Muertes en vida

Escolios

Como muchos supervivientes del horror Paul Celan difícilmente pudo sobrellevar esa mezcla de remordimiento e indignación que implicó ser víctima de la barbarie.

El poeta Paul Celan (1920-1970). (Archivo)
Armando González Torres
Ciudad de México /

El suicidio de Paul Celan (1920-1970) estaba largamente anunciado en su poesía. Tras décadas de culpa, tedio y tormento, Celan cambió la tierra por el agua del Sena. Los pocos allegados del discreto y sombrío poeta y profesor de alemán apenas notaron su ausencia y, unos días después, su cadáver fue encontrado por un campesino río abajo. Dice Carlos Ortega en el prólogo a las Obras completas de Celan que:

“Sobre la mesa del poeta se encontró una biografía de Hölderlin abierta con un pasaje subrayado: ‘A veces el genio se oscurece y se hunde en lo más amargo de su corazón’ ”.

​Como muchos supervivientes del horror (las historias de rehabilitación son pocas), Celan difícilmente pudo sobrellevar a lo largo de su vida ulterior esa mezcla de remordimiento, perplejidad e indignación que implicó ser víctima incidental de la barbarie. Paul Ancel, su apellido original, nació en Czernowitz, una ciudad de la región de Bucovina, la cual, aunque agrupaba a un gran número de judíos de habla alemana, había sido cedida a Rumania tras la caída del Imperio Austrohúngaro.

El poeta pasó su infancia y adolescencia hablando con fluidez alemán y rumano y aprendiendo hebreo. Gozó de la compañía de la madre, una esforzada autodidacta, y soportó la presencia hostil del padre, que se empeñaba en formarlo en la tradición judía más conservadora.

Celan era un lector ávido, con afición y facilidad por los idiomas (aprendió francés por sus predilecciones literarias y luego ruso) y simpatías progresistas. Cuando Celan tenía la edad para hacer estudios profesionales, el acceso a los judíos ya estaba vedado en Alemania y su familia lo mandó a París. En esa ciudad, sus estudios fueron poco satisfactorios, pero implicaron su deslumbrada inmersión en la cultura francesa, su socialización en los círculos literarios y la confirmación de su vocación. Regresó a su país en plena guerra y le tocó, primero, la invasión rusa y, luego, el contragolpe del ejército alemán, apoyado por Rumania.

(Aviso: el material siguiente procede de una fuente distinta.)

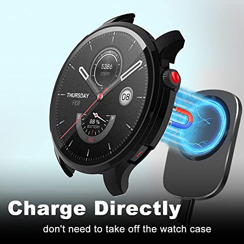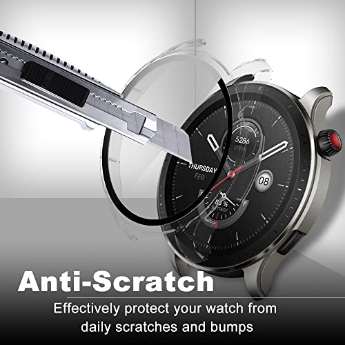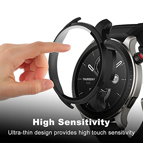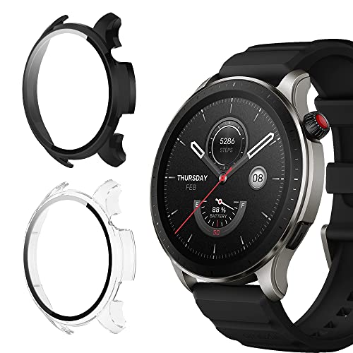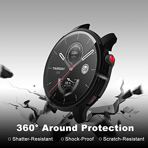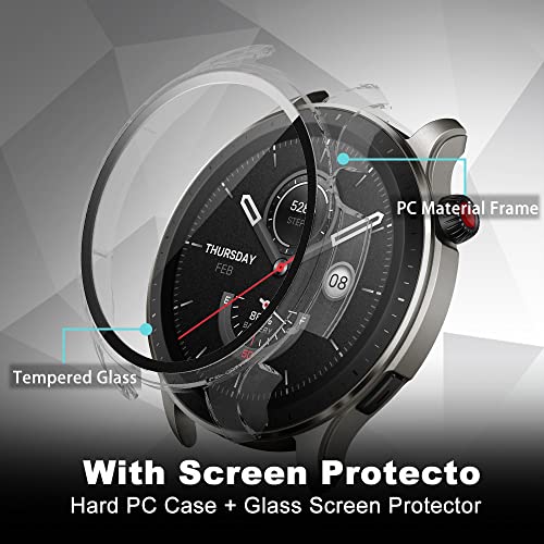 جراب حماية من كيفوس متوافق مع امازفيت GTR 4 صلابة 9H 360 درجة الزجاج المدمج غطاء واقي شاشة البولي كربونات مقاوم للخدش لساعة اسود + شفاف

Relata José María Pérez Gay que en esta circunstancia: “Celan consiguió un escondite en la fábrica de cosméticos de Valentín Alexandrescu, un empresario rumano, pero su madre no quiso esconderse… Paul abandonó la casa convencido de que sus padres le seguirían. Los esperó toda la noche en las oficinas de la fábrica, pero no llegaron. El lunes, al regresar a su casa, encontró la puerta clausurada. Sus padres habían sido deportados”.

Aunque Celan pudo huir de la matanza y mantener alguna funcionalidad por varias décadas: traducir y dar clases, publicar libros, casarse, administrar cierta celebridad, lo cierto es que ya estaba condenado por sus fantasmas, que lo postraban en el recuerdo. Su tono hermético, su dolorido reconcomio, su afligida simbología, la exigencia y tensión de su lenguaje apuntan a una misión casi imposible: nombrar lo innombrable; hablar por una herida que no deja de sangrar; articular aquello que, al intentar materializarse en palabras, destruye al mensajero.